----- RECORD EXCERPTS -----

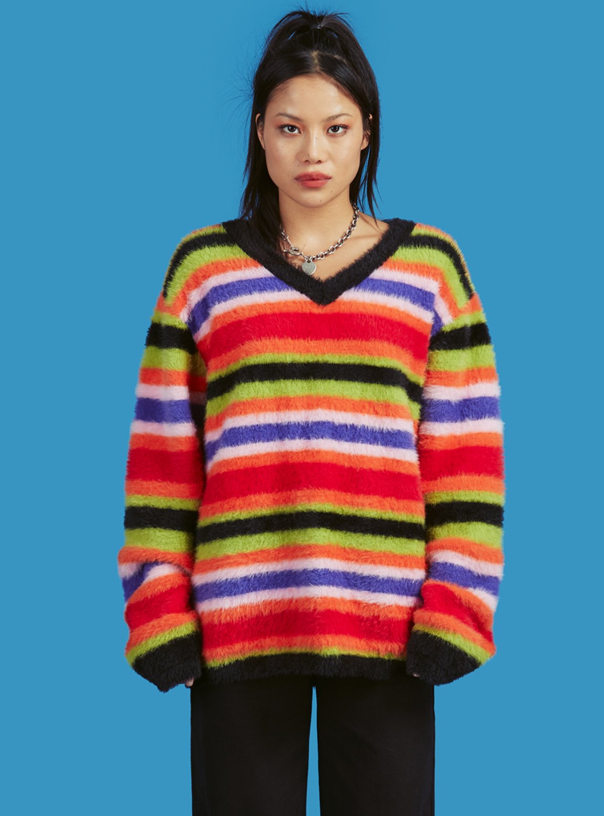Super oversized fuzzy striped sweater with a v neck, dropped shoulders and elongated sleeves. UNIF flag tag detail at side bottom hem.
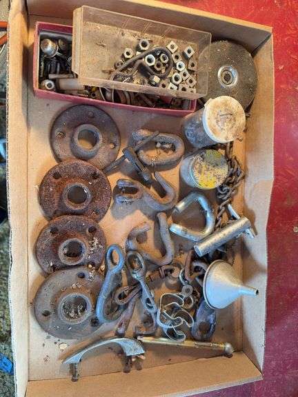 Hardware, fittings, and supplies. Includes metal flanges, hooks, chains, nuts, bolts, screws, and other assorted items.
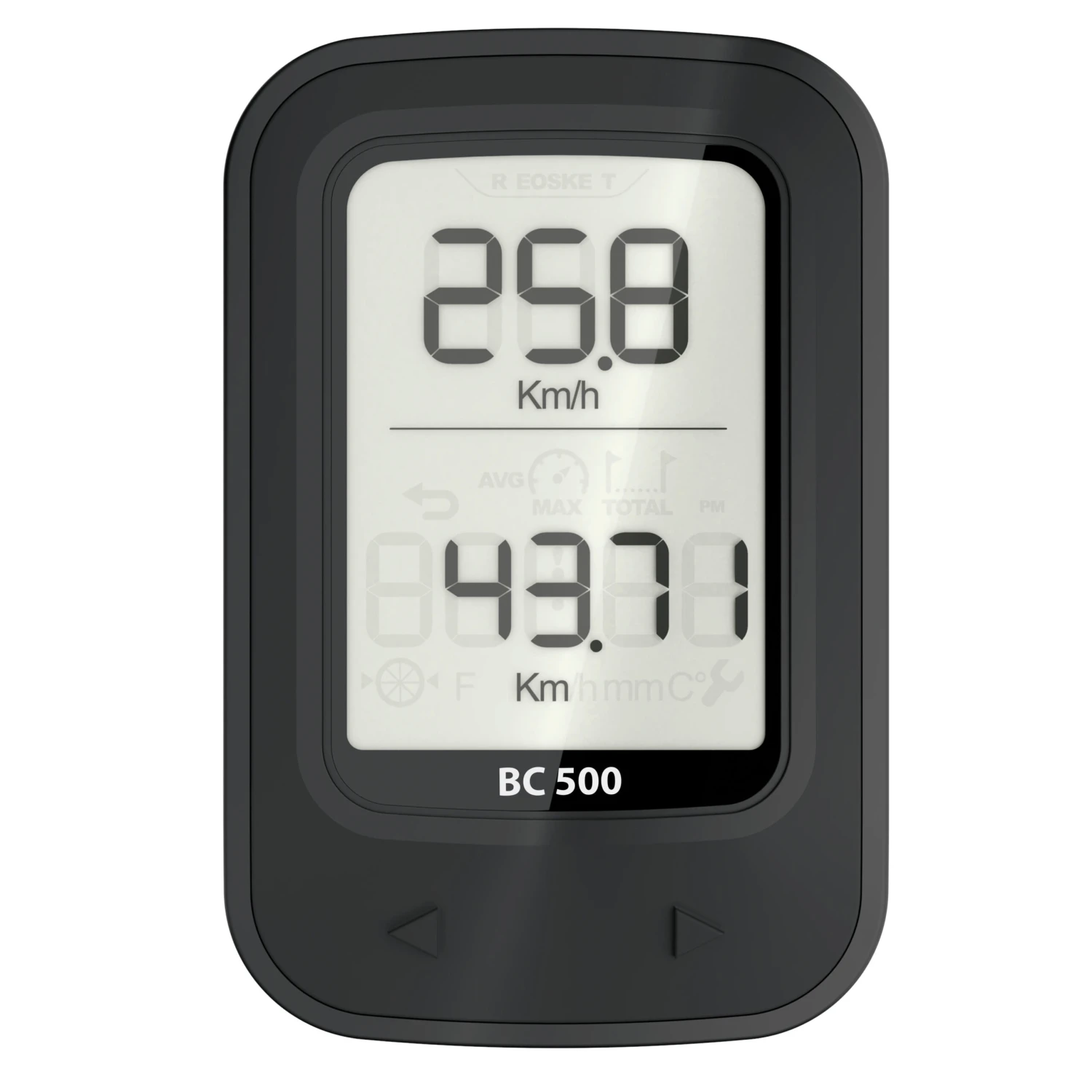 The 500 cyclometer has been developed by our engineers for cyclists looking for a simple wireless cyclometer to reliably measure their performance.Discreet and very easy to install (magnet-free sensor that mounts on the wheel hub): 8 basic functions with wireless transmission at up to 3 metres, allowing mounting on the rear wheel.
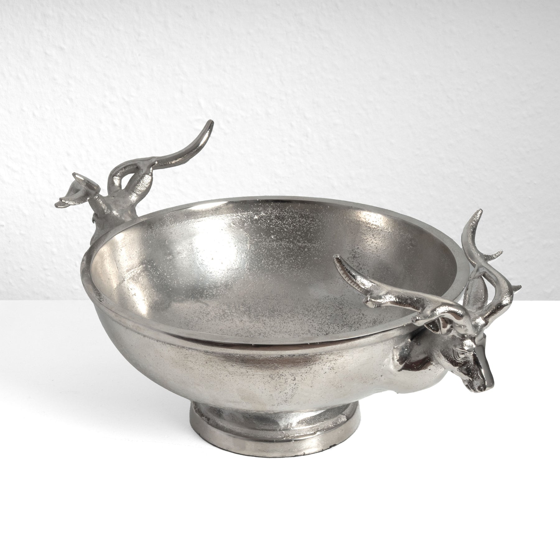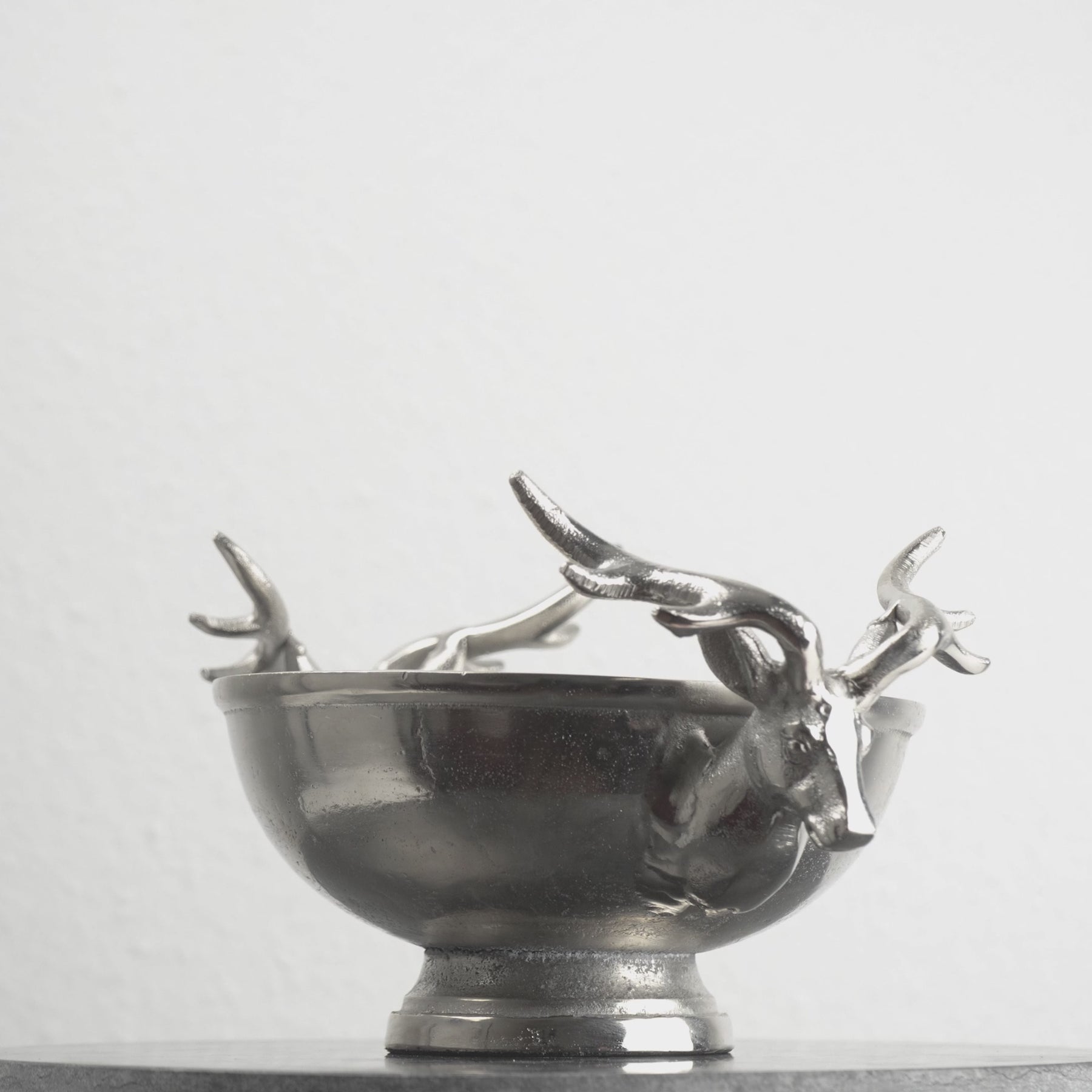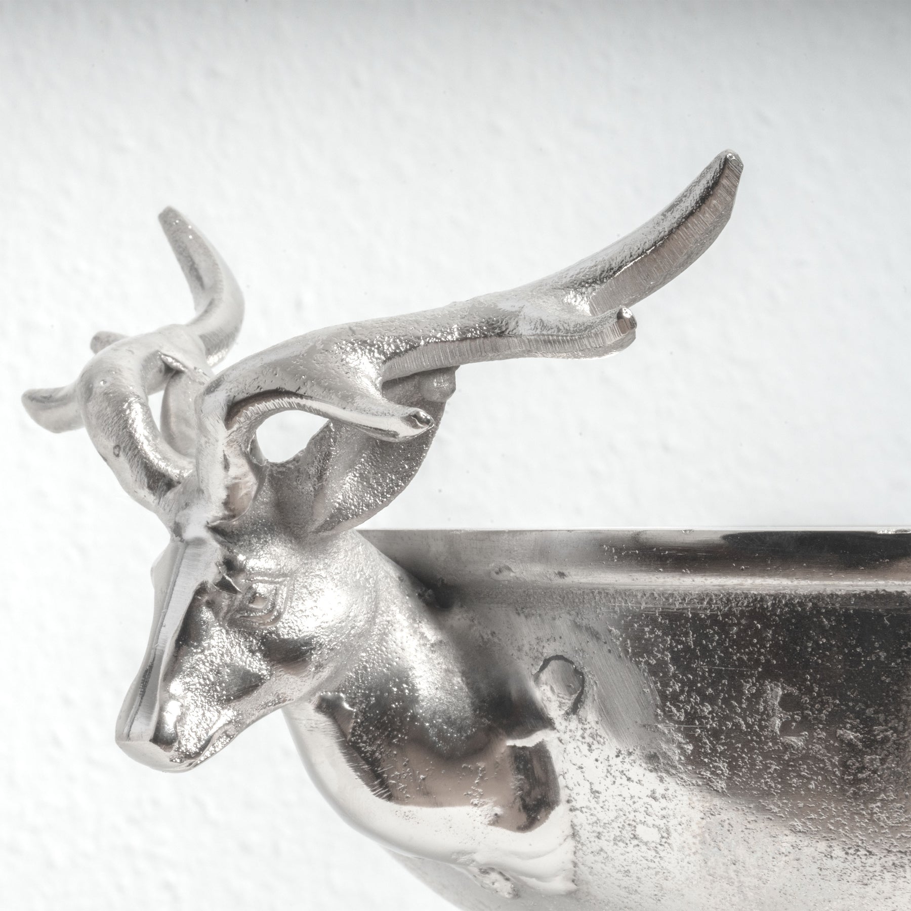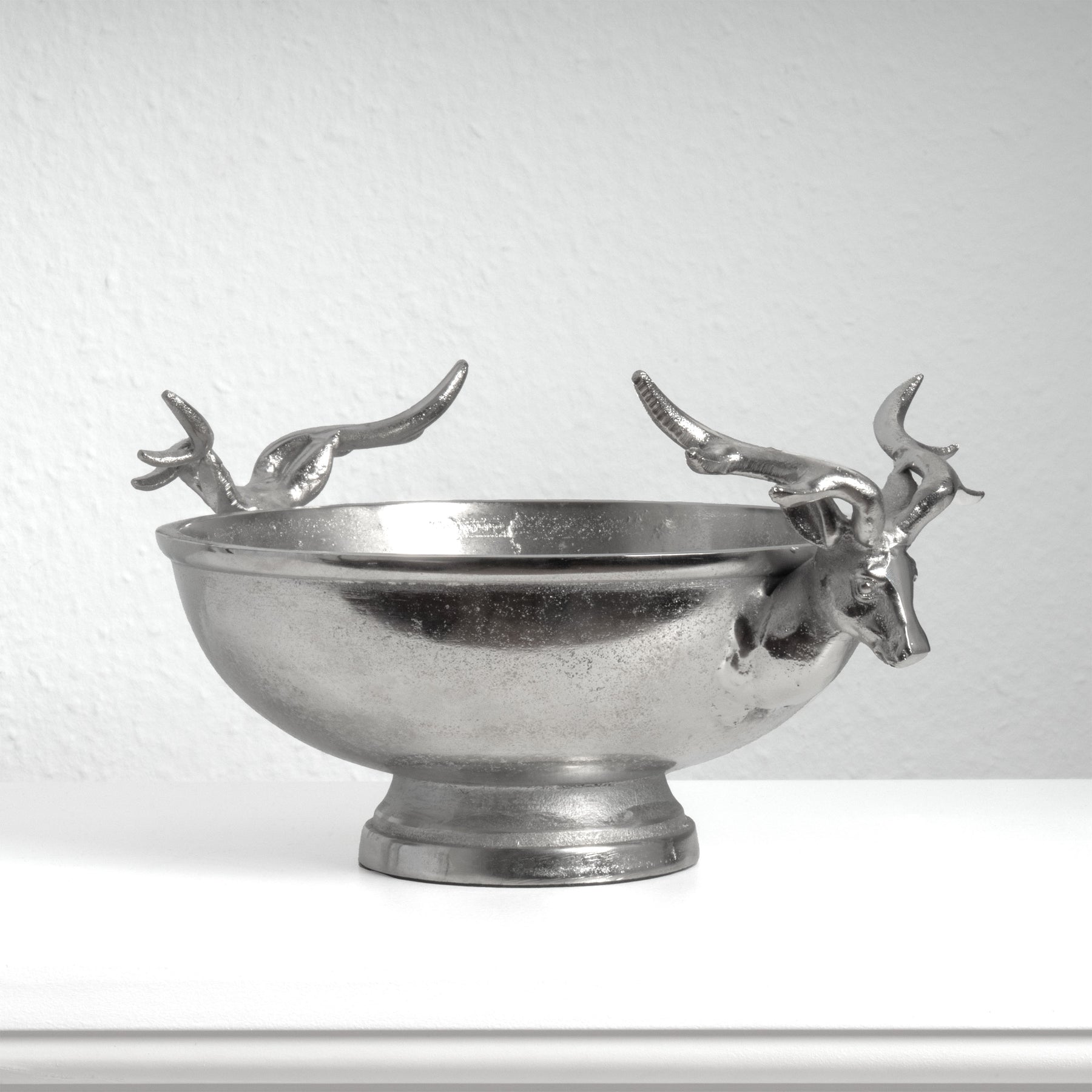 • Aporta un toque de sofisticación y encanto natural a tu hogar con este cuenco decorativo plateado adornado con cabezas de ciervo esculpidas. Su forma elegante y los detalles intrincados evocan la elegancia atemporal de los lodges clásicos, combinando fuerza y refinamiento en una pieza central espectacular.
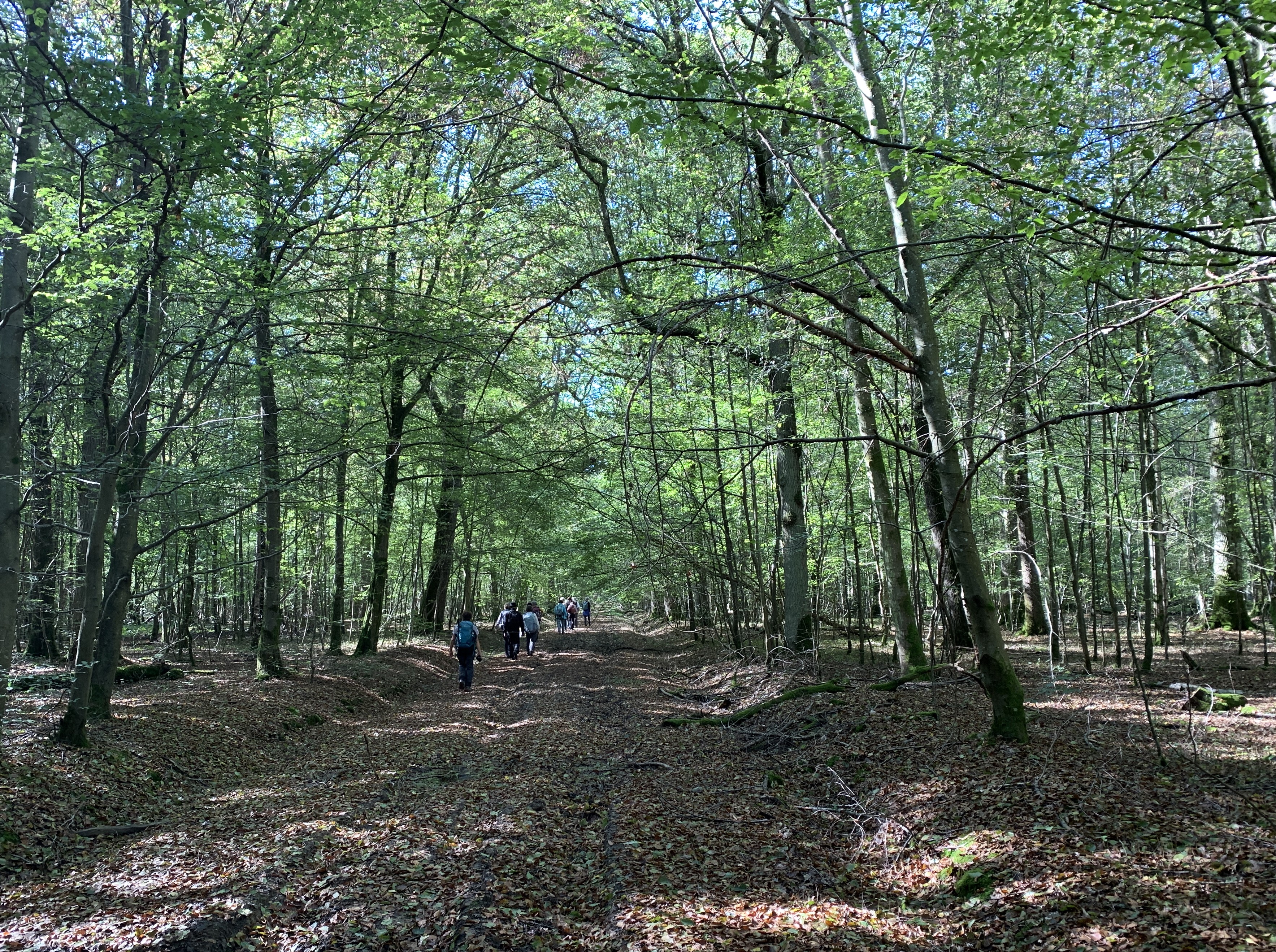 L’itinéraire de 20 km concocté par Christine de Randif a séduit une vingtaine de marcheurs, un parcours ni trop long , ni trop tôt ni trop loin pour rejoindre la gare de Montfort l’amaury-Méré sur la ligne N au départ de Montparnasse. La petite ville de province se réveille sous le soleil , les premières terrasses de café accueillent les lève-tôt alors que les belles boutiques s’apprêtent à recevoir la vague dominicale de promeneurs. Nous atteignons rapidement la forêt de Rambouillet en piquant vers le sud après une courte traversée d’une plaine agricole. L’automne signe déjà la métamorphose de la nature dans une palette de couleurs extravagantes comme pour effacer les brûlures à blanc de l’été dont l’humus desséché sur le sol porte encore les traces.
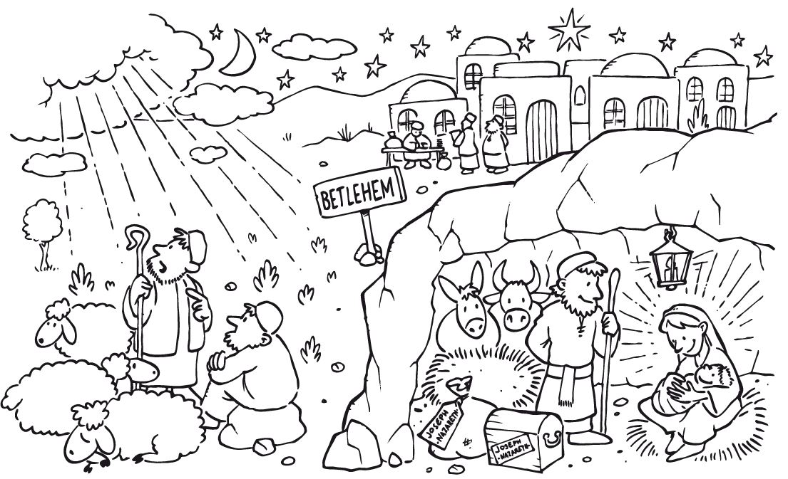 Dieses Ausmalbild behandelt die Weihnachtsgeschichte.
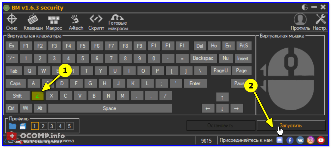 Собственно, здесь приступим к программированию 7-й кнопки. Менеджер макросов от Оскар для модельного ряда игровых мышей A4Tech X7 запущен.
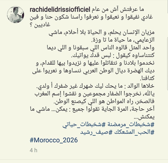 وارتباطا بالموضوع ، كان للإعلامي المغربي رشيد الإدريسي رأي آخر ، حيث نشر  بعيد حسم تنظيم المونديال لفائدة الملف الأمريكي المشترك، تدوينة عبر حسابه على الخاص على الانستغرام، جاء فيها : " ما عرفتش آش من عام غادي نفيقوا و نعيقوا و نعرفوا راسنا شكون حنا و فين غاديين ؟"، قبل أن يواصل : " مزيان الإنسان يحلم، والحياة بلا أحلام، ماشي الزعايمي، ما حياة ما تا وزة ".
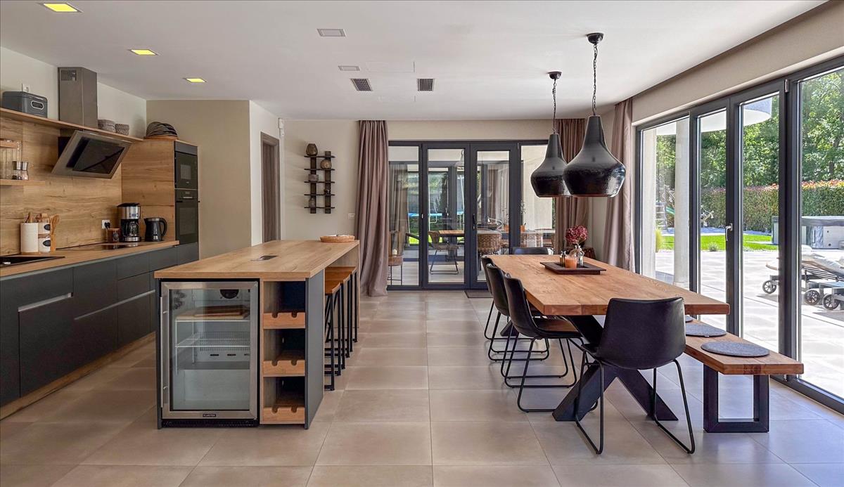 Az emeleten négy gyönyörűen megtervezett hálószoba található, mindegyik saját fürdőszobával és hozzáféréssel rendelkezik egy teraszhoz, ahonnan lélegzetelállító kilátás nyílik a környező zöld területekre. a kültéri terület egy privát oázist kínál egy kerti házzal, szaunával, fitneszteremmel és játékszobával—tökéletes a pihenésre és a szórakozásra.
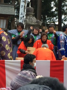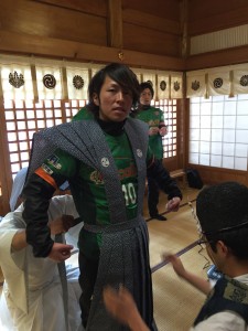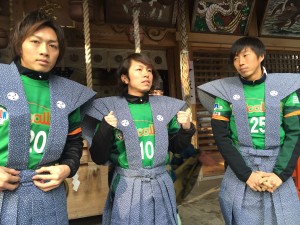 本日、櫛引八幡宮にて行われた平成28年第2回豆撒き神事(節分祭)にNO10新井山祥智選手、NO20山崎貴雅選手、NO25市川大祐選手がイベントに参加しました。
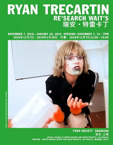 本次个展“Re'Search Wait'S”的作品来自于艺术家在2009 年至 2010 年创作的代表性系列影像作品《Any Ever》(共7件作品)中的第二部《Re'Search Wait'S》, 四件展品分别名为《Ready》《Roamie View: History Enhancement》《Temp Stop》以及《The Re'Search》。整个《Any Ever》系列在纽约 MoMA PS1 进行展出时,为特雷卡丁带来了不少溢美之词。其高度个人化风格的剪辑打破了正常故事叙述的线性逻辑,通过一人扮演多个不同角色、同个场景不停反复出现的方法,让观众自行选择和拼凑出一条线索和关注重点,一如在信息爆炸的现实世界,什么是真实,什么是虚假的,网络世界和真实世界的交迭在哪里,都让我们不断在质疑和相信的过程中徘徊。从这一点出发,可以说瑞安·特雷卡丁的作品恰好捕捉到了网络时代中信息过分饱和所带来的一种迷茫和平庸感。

-----

TASK TO CARRY OUT:
Within the listing above, find the line containing "Hardware, fittings, and" and the line containing "The 500 cyclometer". Transcribe them and everything between them exactly, leaving out the pictures.

YOUR RESPONSE:
 Hardware, fittings, and supplies. Includes metal flanges, hooks, chains, nuts, bolts, screws, and other assorted items.
 The 500 cyclometer has been developed by our engineers for cyclists looking for a simple wireless cyclometer to reliably measure their performance.Discreet and very easy to install (magnet-free sensor that mounts on the wheel hub): 8 basic functions with wireless transmission at up to 3 metres, allowing mounting on the rear wheel.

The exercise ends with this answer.